→ **REQUIRED WORK**
Using only the entries below, copy exactly the lines that begin at the one with "Dodge the oncoming" and end at the one with "Elevate your style", both included. Drop the pictures.

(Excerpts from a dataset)
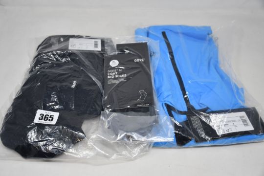 An as new Gore R3 long sleeve zip shirt (L), three pairs of Gore M light mid socks (All XL) and a pair of Gore C3 Liner short tights + (XXL).
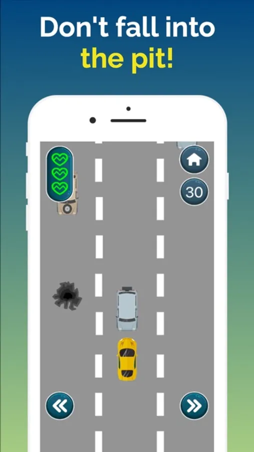Dodge the oncoming traffic! Didn't hit the pit! Score as many points as possible! Compete with your friends through Game Center. You will have several cars to choose from!
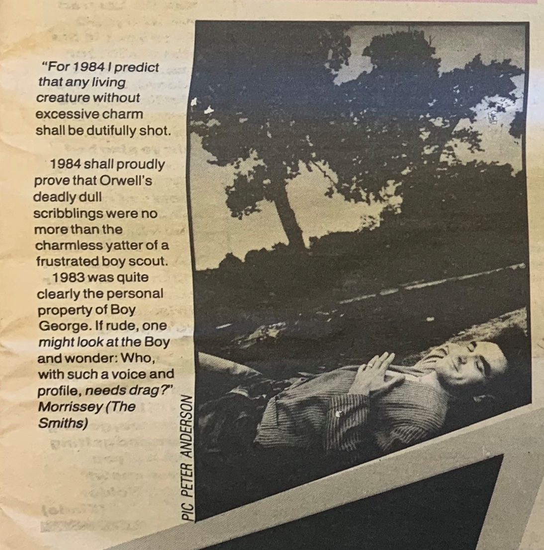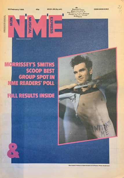“Photo of Morrissey by Peter Anderson on cover. The issue includes their best of 1984 poll results where The Smiths were voted best group, Johnny Marr best instrumentalist and Morrissey/Marr best songwriters. The band, Morrissey or Marr are also listed at different positions in the ‘best new act’, ‘best male singer’, ‘best single’, ‘best album’, ‘best dressed sleeve’, ‘best dressed person’, ‘most wonderful human being’ and ‘creep of the year’ categories.” – PJLM
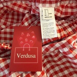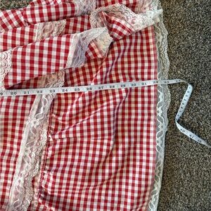 Elevate your style with this chic red gingham high-low skirt, featuring elegant lace detailing. Perfect for a casual day out or a stylish brunch.
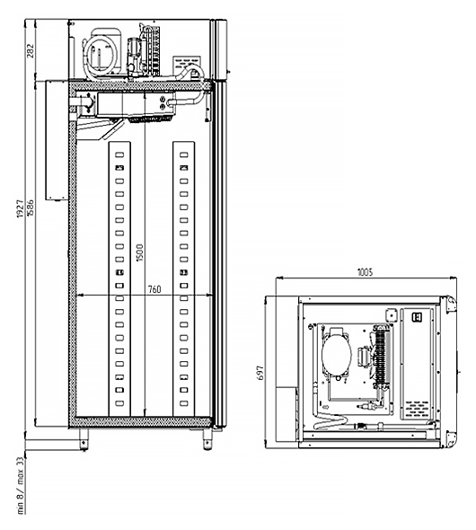 Каталог оборудования Холодильное оборудованиеШкафы холодильныеСпециализированные холодильные шкафыШкаф холодильный для хлебопекарных производств Polair CS107-Bakery Br со стеклом (Тип 2) Шкаф холодильный для хлебопекарных производств Polair CS107-Bakery Br со стеклом (Тип 2) Код товара: 062-623 Поделиться: WhatsAppTelegram СравнитьДобавить в КПВ избранное 0 419 900 ₽ В корзину 0 шт Под заказСамовывоз сегодня бесплатно Взять в кредит Купить в лизинг Получить консультацию в WhatsApp Описание Характеристики Отзывы 0 Инструкции 5 Шкаф холодильный для хлебопекарных производств Polair CS107-Bakery Br со стеклом (Тип 2) предназначен для создания оптимальных условий хранения и расстойки заготовок из теста на предприятиях общественного питания и торговли. Корпус цельнозаливной, выполнен из нержавеющей стали, дверь — стеклопакет. Оборудование стабильно работает при температуре окружающей среды до +40 °C. В комплект входят 20 пар направляющих размером 400×600 мм. Особенности: Многофункциональные режимы: охлаждение тестовых заготовок, замедление ферментации, хранение, регенерация, брожение и расстойка Динамическое охлаждение с мягким обдувом без заветривания и автоматическая оттайка с системой испарения конденсата Панель управления с 7" дисплеем: контроль температуры, влажности (регулируется от 60 до 95 %), скорости вентилятора и времени, возможность создания и сохранения собственных программ Встроенный ультразвуковой увлажнитель (требуется подключение к системе водоочистки и канализации) Эргономичная конструкция: верхнее расположение агрегата, распашная дверь со стеклопакетом и механизмом самозакрывания, педаль для удобного открытия, съёмные направляющие и легко заменяемый уплотнитель с магнитной вставкой Простота ухода: штампованное углубление в дне корпуса для сбора загрязнений Экологичный хладагент R290 Энергоэффективность: потребляемая мощность — 0,55 кВт (охлаждение), 0,9 кВт (нагрев) Толщина стенки корпуса — 43 мм Polair CS107-Bakery Br со стеклом (Тип 2) — современный шкаф отложенной расстойки, обеспечивающий полный контроль и гибкость при работе с тестовыми заготовками. Благодаря многофункциональным режимам, точной настройке параметров и продуманной конструкции, он становится надёжным решением для пекарен и кондитерских, стремящихся к высокому качеству продукции и удобству в эксплуатации.Изображение товара, представленного на фото, может отличаться от его фактического вида. Показать все Габаритные размеры697×1005×1960 ммДиапазон рабочей температурыот -10 до +40 °CДлина697 ммШирина1005 ммВысота1960 ммОбъём700 лКол-во дверей1 Тип двериСтеклянная Уровень влажностиот 60 до 95 %Направляющие под EN 40*6020 Расстояние между направляющими60 ммХолодильный агрегатВстроенный Тип оттайкиАвтоматическая Тип охлажденияДинамический ПодсветкаЕсть ХладагентR290 Вес нетто180 кгВес брутто205 кгБрендPolairВсе специализированные холодильные шкафы Из нержавейки Оставить отзыв Еще никто не оставил отзыв на этот товар Схема POLAIR CS107 Bakery Br.jpgИнструкция на POLAIR CS107 Bakery Br.pdfБрошюра на хлебопекарное оборудование POLAIR.pdfДекларация о соответствии.pdfСертификат соответствия.pdf Похожие товары Перейти в каталог Под заказ 169 915 ₽ Шкаф холодильный для хлебопекарных производств Polair CS107 Bakery Bs Под заказ 252 314 ₽ Шкаф холодильный для вызревания мяса и сыра Carboma M700GN-1-G-MHC 9005 Под заказ 389 300 ₽ Шкаф холодильный для вызревания мяса Polair CS107 Meat (Т
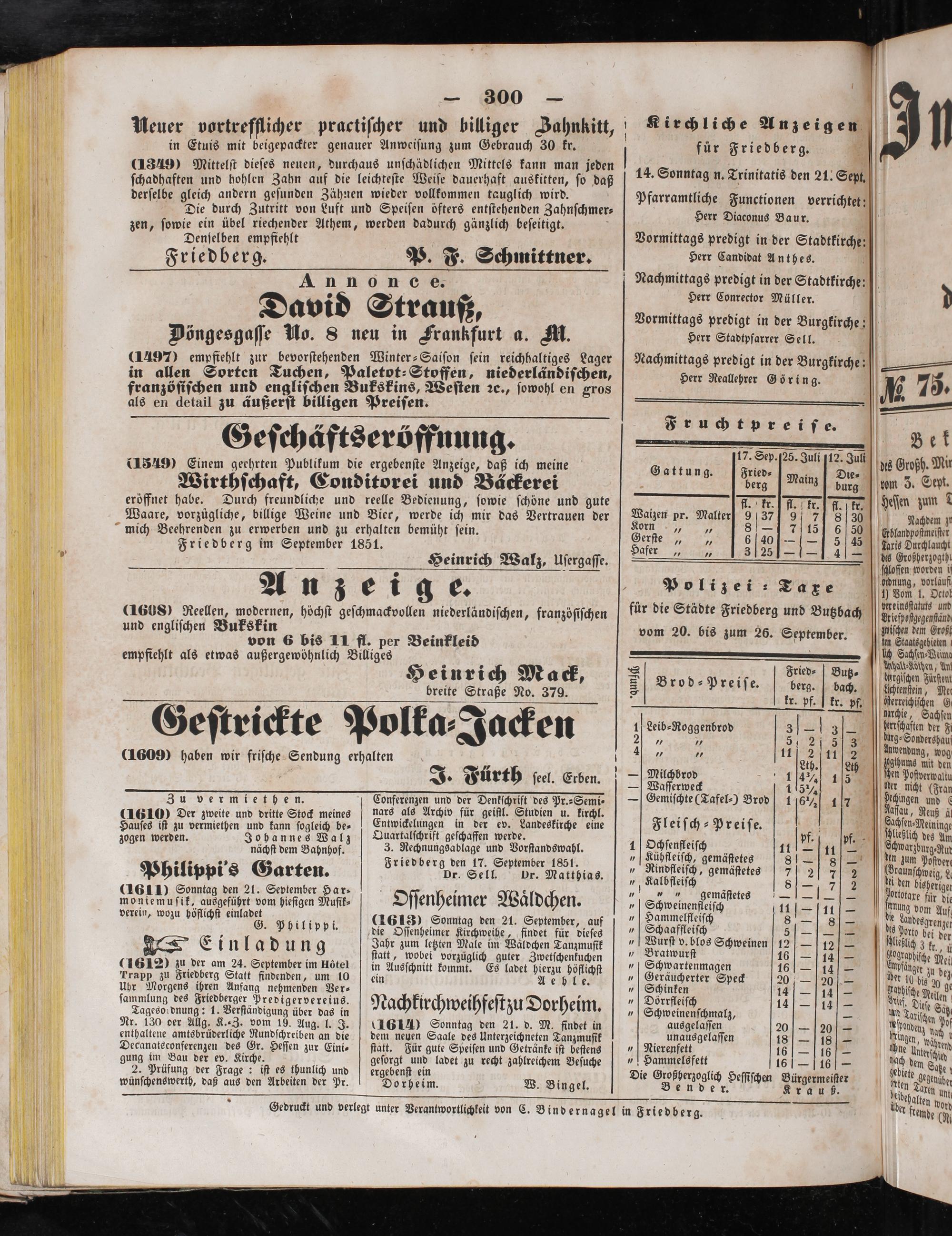 Gedruckt und verlegt unter Verantwortlichkeit von C. Binderna gel in Friedberg.
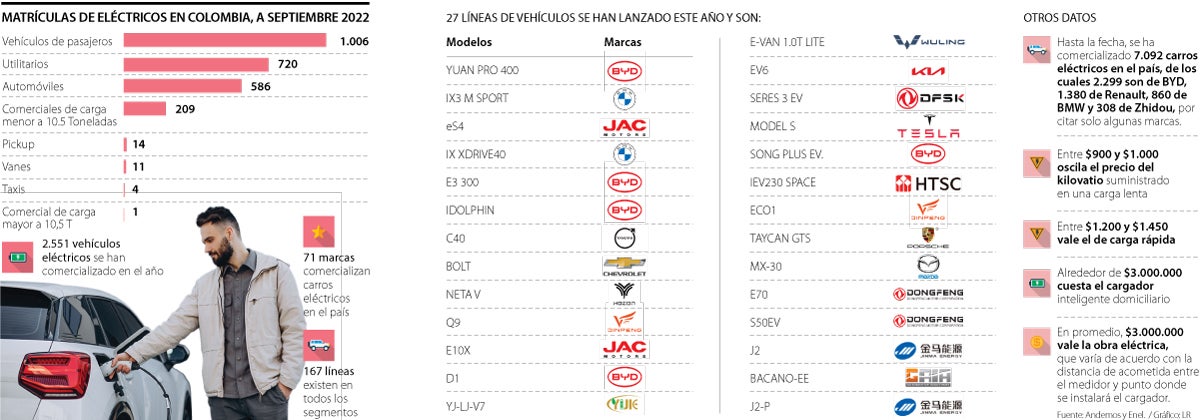 “Más de 70 marcas comercializan en el país este tipo de vehículos, para un total de 167 líneas con estas tecnologías, en todos los segmentos, entre ellas: Nissan (Leaf), Renault (con varios modelos como Zoe E-Tech), BYD (con Tang EV, siete pasajeros), BMW (con varias referencias como iX3), MINI (Cooper SE), Volvo (XC40 Recharge), Tesla (Model S) y JAC (E10X)”, dijo Oliverio García, presidente de Andemos.
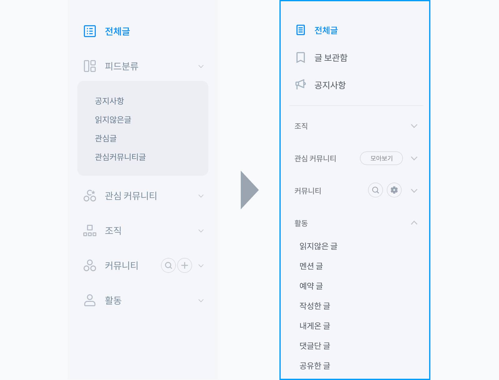 기존 티그리스 왼쪽 메뉴는 [전체글], [피드분류], [관심 커뮤니티], [조직], [커뮤니티], [활동]으로 구분되어 있었는데요.
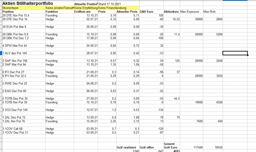 Unten das Gesamtergebnis und eine Aufstellung der Stillhalterpositionen ohne DAX-Indexoptionen. Die Letzteren werden im Rahmen der Black Swan Strategie gehandelt.
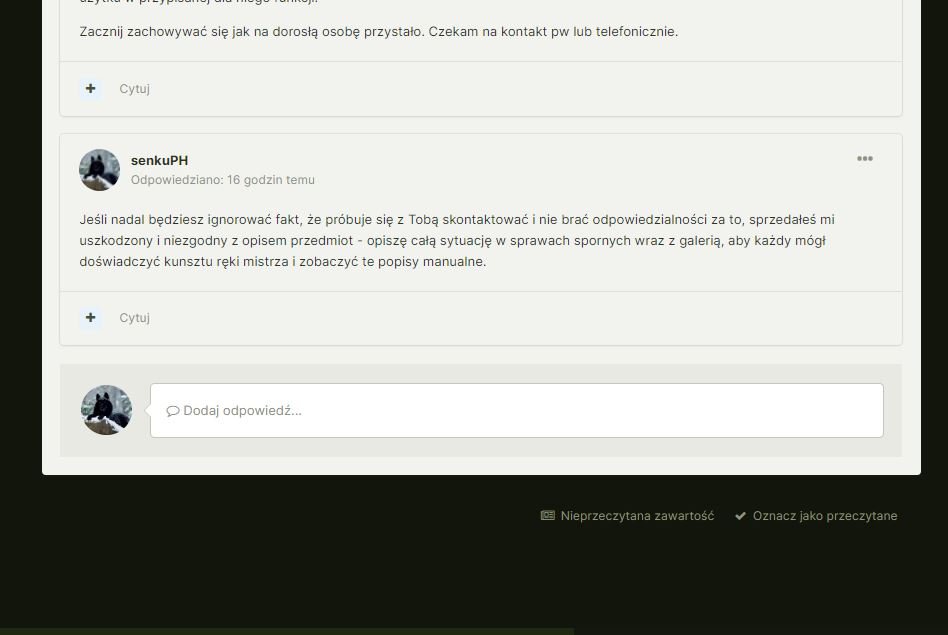 Żałosne, szczeniackie zachowanie, absolutnie nieadekwatne do wieku, czy też stażu użytkownika na forum (co w zasadzie przekonało mnie do transakcji).
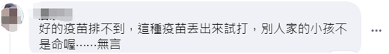 有網(wǎng)友感嘆:“好的疫苗排不到,這種疫苗丟出來試打,別人家的小孩不是命哦??無言?!薄?/p>
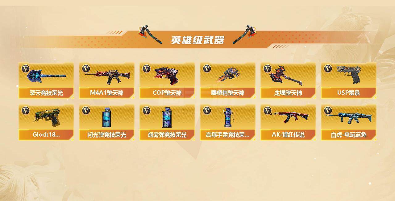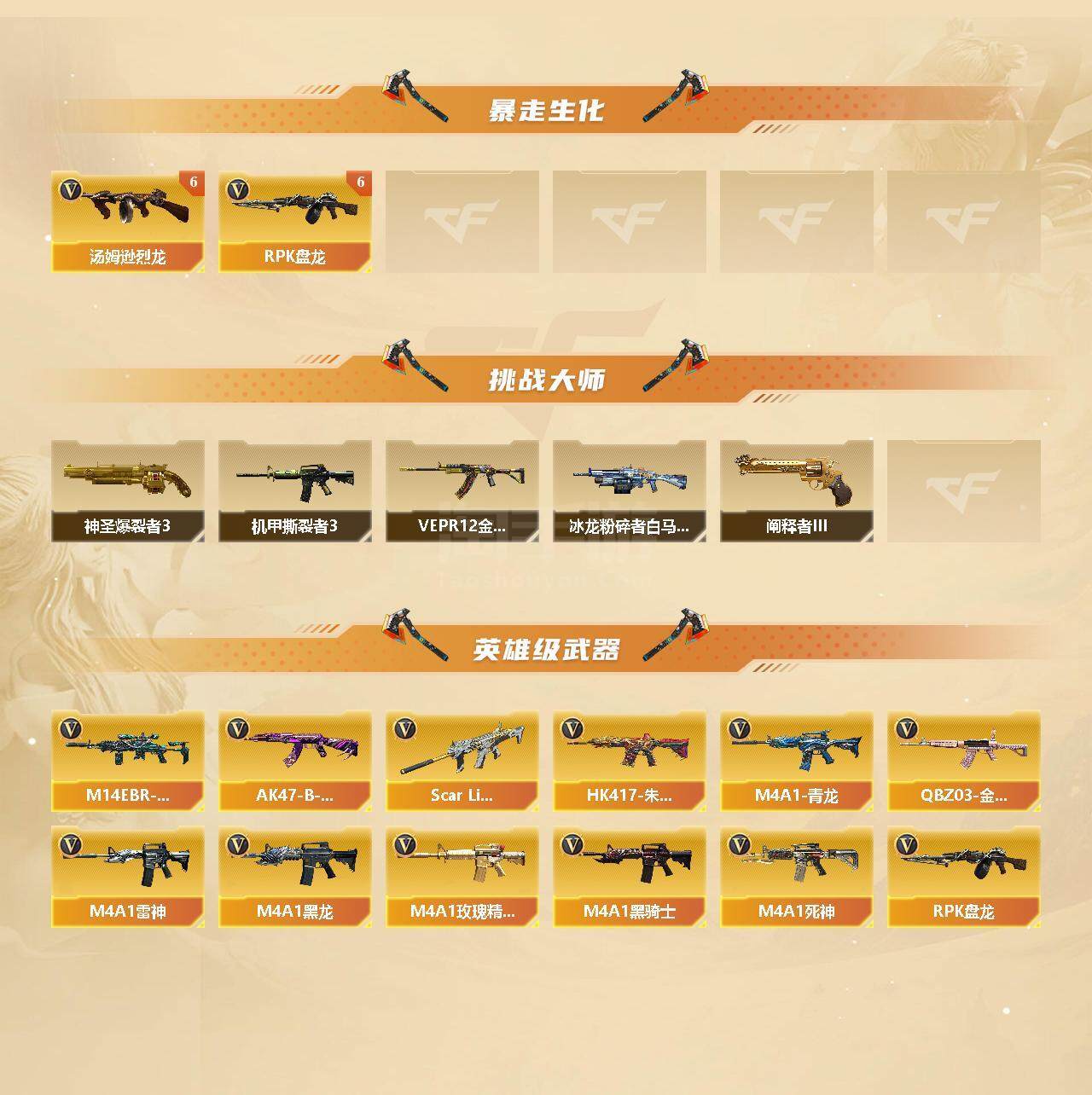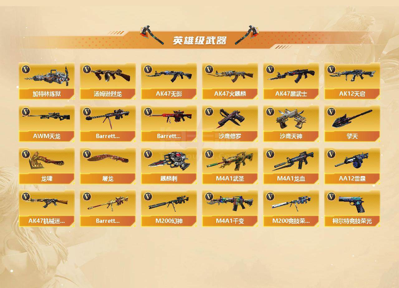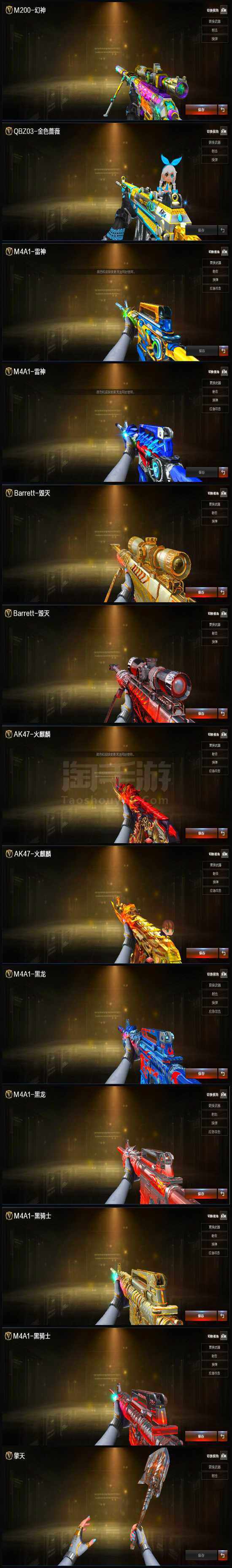 【热门武器】:QBZ03-金色蔷薇,M14EBR-玄武,Scar Light-白虎,HK417-朱雀,M4A1-青龙*2,M200-幻神,M200-竞技荣光,死亡之眼,白虎-电玩蓝兔,Cat-刀锋,炼狱-迷你小钢,毒蜂,M4A1-黑骑士*2,汤姆逊-烈龙*8,RPK-盘龙*6,加特林-炼狱*2,斯泰尔-蝴蝶,USP-雷暴,COP-堕天神,沙鹰-
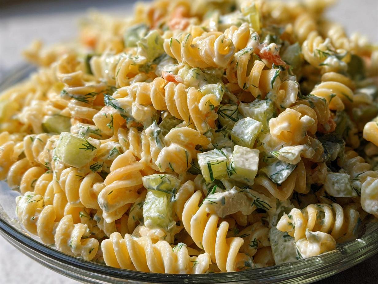 This Dill Pickle Pasta Salad is a refreshing and tangy dish perfect for picnics or barbecues.
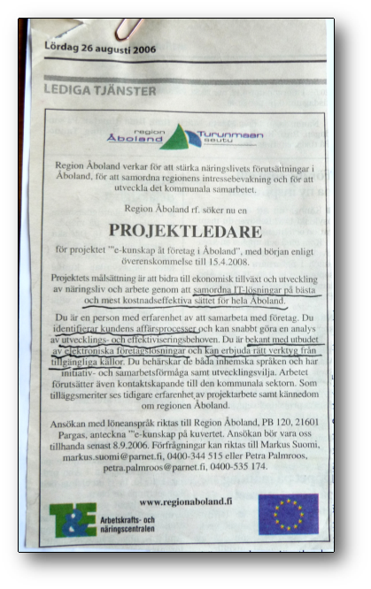 Jobbet i Pargas gällde också en projektledarbefattning, fast med IT-inriktning. Region Åboland sökte en person för att leda projektet e-kunskap Åboland. Projektets målsättning var att ”bidra till ekonomisk tillväxt och utveckling av näringsliv och arbete genom att samordna IT-lösningar på bästa och mest kostnadseffektiva sättet för hela Åboland.”

→ **FINISHED EXERCISE**
Dodge the oncoming traffic! Didn't hit the pit! Score as many points as possible! Compete with your friends through Game Center. You will have several cars to choose from!
“Photo of Morrissey by Peter Anderson on cover. The issue includes their best of 1984 poll results where The Smiths were voted best group, Johnny Marr best instrumentalist and Morrissey/Marr best songwriters. The band, Morrissey or Marr are also listed at different positions in the ‘best new act’, ‘best male singer’, ‘best single’, ‘best album’, ‘best dressed sleeve’, ‘best dressed person’, ‘most wonderful human being’ and ‘creep of the year’ categories.” – PJLM
 Elevate your style with this chic red gingham high-low skirt, featuring elegant lace detailing. Perfect for a casual day out or a stylish brunch.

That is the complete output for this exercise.